Bennet and Kaine are both examples of the latter. Obama and Clinton won Colorado and Virginia in the past three presidential contests, but by small margins. Both have won close, highly contested Senate races, and both have experience in national politics as well — Bennet chaired the Democratic Senatorial Campaign Committee in 2014, while Kaine was his party’s vice-presidential nominee last year.
Still, this proposal shows that Democrats have moved to the left ideologically on health care. Eight years ago, the public option failed because moderate Democrats backed away from it; now a similar proposal is being offered as the safe ground for those facing a tough reelection.
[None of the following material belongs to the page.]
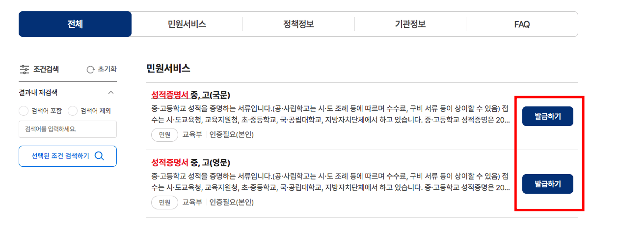 민원서비스 페이지에 국문과 영문의 고등학교 성적증명서가 표시됩니다. 원하시는 발급하기 버튼을 클릭합니다.

For many liberals, this proposal will not be sufficient, craving the universal promise that Sanders is offering. “Right now, if we want to move away from a dysfunctional, wasteful, bureaucratic system into a rational health-care system that guarantees coverage to everyone in a cost-effective way, the only way to do it is Medicare for All,” the 2016 runner-up to Clinton for the nomination told The Post last month.
Democratic leaders have tread carefully on the single-payer proposal, voicing support for its goal of universal coverage but also suggesting that the short-term objective is playing defense to protect the ACA from Republican efforts to repeal the law and to undermine the already shaky insurance exchanges.
“None of these things, whether it’s Bernie’s or others, can really prevail unless we protect the Affordable Care Act,” House Minority Leader Nancy Pelosi (D-Calif.) told reporters last month.
Bennet and Kaine are members of the Senate Health, Education, Labor and Pensions Committee and are supporting the ranking Democrat, Sen. Patty Murray (Wash.), in her negotiations with the chairman, Sen. Lamar Alexander (R-Tenn.), to forge a bipartisan deal to shore up the ACA. That might entail some changes to the ACA while also establishing better financial footing for private insurers to offer ACA plans in those underserved areas.
They do not expect Medicare-X to become the law of the land immediately, but Bennet and Kaine believe that this proposal could be the next step — once Democrats can win back some power in Washington — toward getting more people health coverage.
By maintaining the existing structure, rather than tearing it down, they believe that it could eventually become a potential bipartisan agreement that attracts Republican support to forge a law that is not under constant assault like the ACA.
“I want Virginians — and all Americans — to have more health-care choices,” Kaine said.